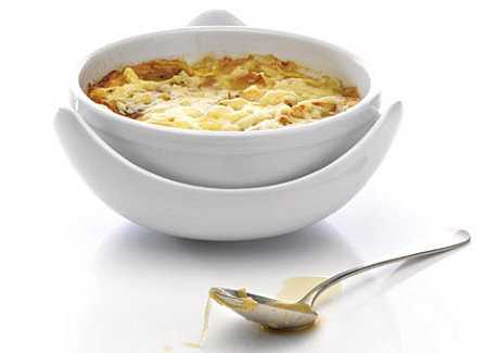 Dejar cocinar un buen rato, sazonar a gusto y retirar si se tiene el exceso de grasa, en el momento de servir la sopa ponerla en cuencos individuales con un par de rebanadas finas de pan tostado por persona y espolvorear por encima con el queso rallado, se puede gratinar si se desea. Si te agrada que la cebolla no se note, se podrá triturar antes de añadir el pan y el queso.
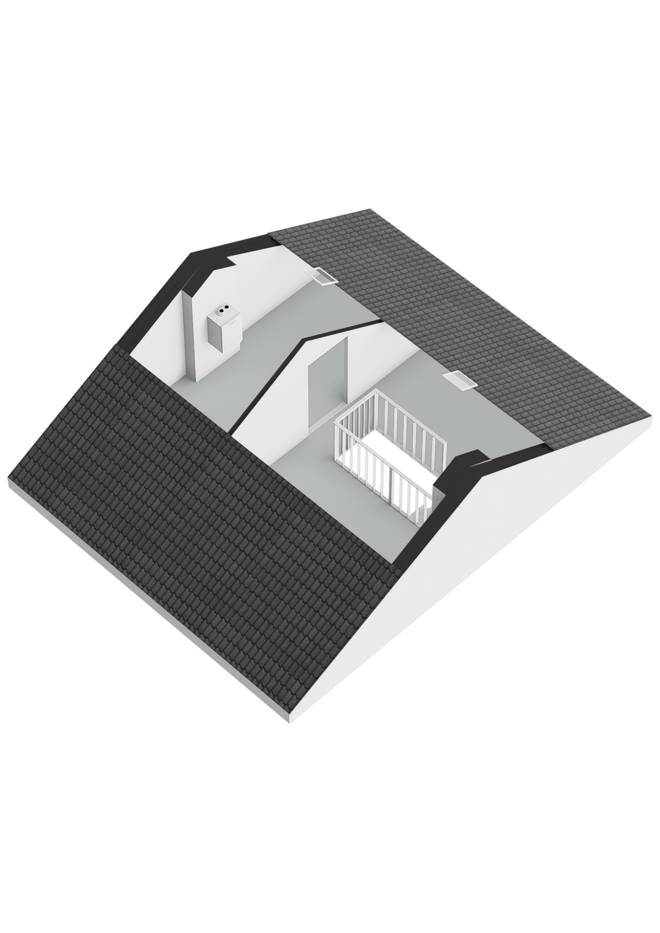 Middels vaste trap te bereiken zolderverdieping. Deze ruimte heeft een nokhoogte van ca. 2,54 meter en leent zich hierdoor perfect om als (4e) slaapkamer te gaan gebruiken. Tevens is hier de eigendom cv-ketel + hybride warmtepomp aangesloten.
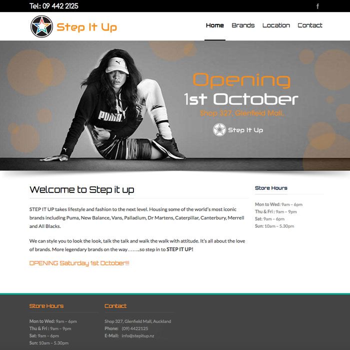 A new responsive website to support a new clothing retail store opening up in an Auckland Mall. Step it Up wanted an online presence so customers could get an idea of where they were located, store hours and what products they sold. I also created a facebook page to run alongside the website.

::::::

= EXERCISE AIM =
Quote, exactly and only, the lines from the first line of the data above through the line containing "Middels vaste trap". The pictures do not belong in it.

= EXERCISE ANSWER =
 Dejar cocinar un buen rato, sazonar a gusto y retirar si se tiene el exceso de grasa, en el momento de servir la sopa ponerla en cuencos individuales con un par de rebanadas finas de pan tostado por persona y espolvorear por encima con el queso rallado, se puede gratinar si se desea. Si te agrada que la cebolla no se note, se podrá triturar antes de añadir el pan y el queso.
 Middels vaste trap te bereiken zolderverdieping. Deze ruimte heeft een nokhoogte van ca. 2,54 meter en leent zich hierdoor perfect om als (4e) slaapkamer te gaan gebruiken. Tevens is hier de eigendom cv-ketel + hybride warmtepomp aangesloten.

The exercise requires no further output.